• WHAT YOU ARE ASKED TO DO:
The needed output is the run of lines below from the one containing "Una elegante y" through the one containing "年纪小的男生,和运动鞋的适配", copied exactly and free of pictures.
─── GIVEN INFORMATION ───
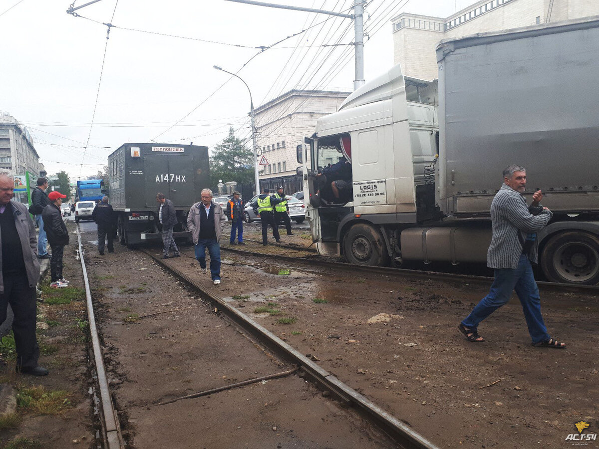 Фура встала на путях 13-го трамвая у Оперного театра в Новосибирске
───
─── GIVEN INFORMATION ───
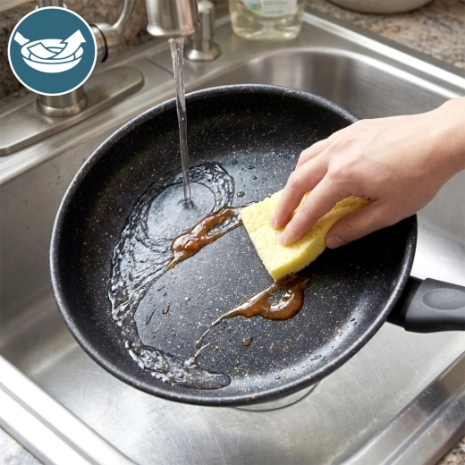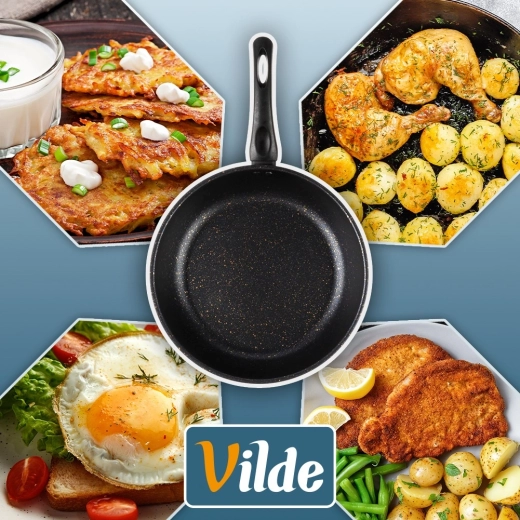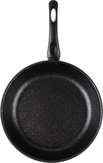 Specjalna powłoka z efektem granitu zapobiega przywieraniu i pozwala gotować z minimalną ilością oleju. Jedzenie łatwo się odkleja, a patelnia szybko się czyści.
───
─── GIVEN INFORMATION ───
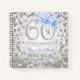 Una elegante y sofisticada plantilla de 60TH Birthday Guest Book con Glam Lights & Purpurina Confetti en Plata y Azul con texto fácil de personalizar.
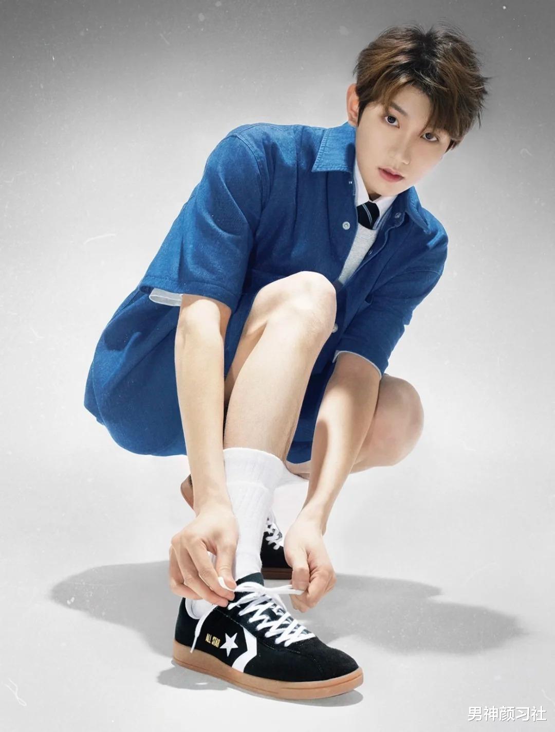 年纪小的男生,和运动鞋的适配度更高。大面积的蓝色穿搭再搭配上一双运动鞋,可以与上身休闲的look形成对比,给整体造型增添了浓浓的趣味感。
───
• OUTPUT FOR THIS TASK:
 Una elegante y sofisticada plantilla de 60TH Birthday Guest Book con Glam Lights & Purpurina Confetti en Plata y Azul con texto fácil de personalizar.
 年纪小的男生,和运动鞋的适配度更高。大面积的蓝色穿搭再搭配上一双运动鞋,可以与上身休闲的look形成对比,给整体造型增添了浓浓的趣味感。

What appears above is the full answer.